Novo Nordisk Ends Partnership with Hims & Hers Over Wegovy Copycats; HIMS Stock Drops 20%

June 23, 2025 — Pharmaceutical giant Novo Nordisk has officially ended its partnership with telehealth company Hims & Hers Health, citing concerns over the company’s alleged sale of compounded versions of its blockbuster weight-loss drug Wegovy.

According to Novo Nordisk, the decision comes after Hims & Hers reportedly engaged in the promotion and sale of “copycat” compounded versions of semaglutide (the active ingredient in Wegovy), which the company says violates their agreement and raises safety concerns. In response, Novo has immediately halted all direct shipments of Wegovy to Hims & Hers, effective this week.

The fallout was swift in the markets. Shares of Hims & Hers (NASDAQ: HIMS) plummeted by over 20% in premarket trading following the news, erasing millions in market capitalization within hours. The company has not yet issued a formal response to the contract termination.

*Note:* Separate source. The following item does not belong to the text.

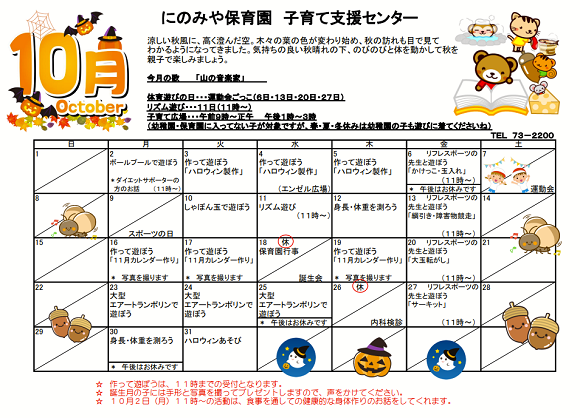 令和5年10月予定表(子育て支援センター)
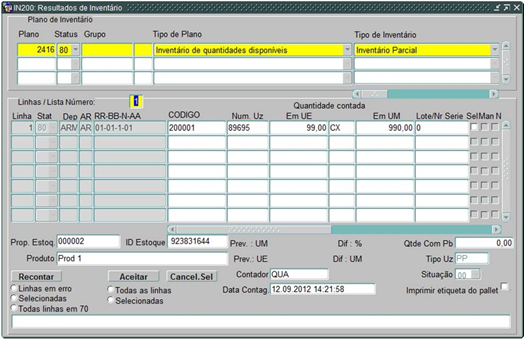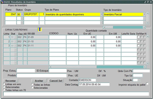 Após a realização do inventário, podemos consultar os resultados obtidos na tela IN200 do WMS Alcis.

This move reflects increasing scrutiny in the booming weight-loss drug industry, especially concerning telehealth providers offering compounded versions of GLP-1 medications. Compounded drugs, often advertised as affordable alternatives, are not FDA-approved and carry potential risks due to inconsistent dosages or lack of regulation.

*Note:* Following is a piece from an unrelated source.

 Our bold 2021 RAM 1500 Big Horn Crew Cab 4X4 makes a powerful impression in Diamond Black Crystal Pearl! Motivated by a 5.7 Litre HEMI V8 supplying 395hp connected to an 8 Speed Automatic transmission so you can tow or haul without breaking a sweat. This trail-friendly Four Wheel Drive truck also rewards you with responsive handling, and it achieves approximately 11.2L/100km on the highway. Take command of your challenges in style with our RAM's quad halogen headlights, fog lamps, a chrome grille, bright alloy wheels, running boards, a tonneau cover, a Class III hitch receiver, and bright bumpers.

Novo Nordisk has taken a firm stance to protect its intellectual property and ensure patient safety. “We are committed to maintaining the integrity of our therapies and ensuring patients receive medications that meet the highest quality standards,” a Novo spokesperson stated.

Industry analysts believe this could have broader implications for the telehealth sector, as regulatory and legal pressures mount against companies marketing alternative versions of in-demand medications like Ozempic and Wegovy. With demand for GLP-1 drugs skyrocketing globally, the battle between major pharma and tech-based health startups is heating up.

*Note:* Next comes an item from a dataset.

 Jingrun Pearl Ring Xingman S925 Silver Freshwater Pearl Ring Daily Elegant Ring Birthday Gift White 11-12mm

Hims & Hers had announced strong revenue growth earlier this year, in part due to the expansion of its weight-loss treatment offerings. However, losing direct access to Novo Nordisk’s supply chain may force the company to reevaluate its future strategy in the obesity care market.

This development underscores the challenges faced by disruptor companies in navigating compliance and brand partnerships within regulated pharmaceutical landscapes.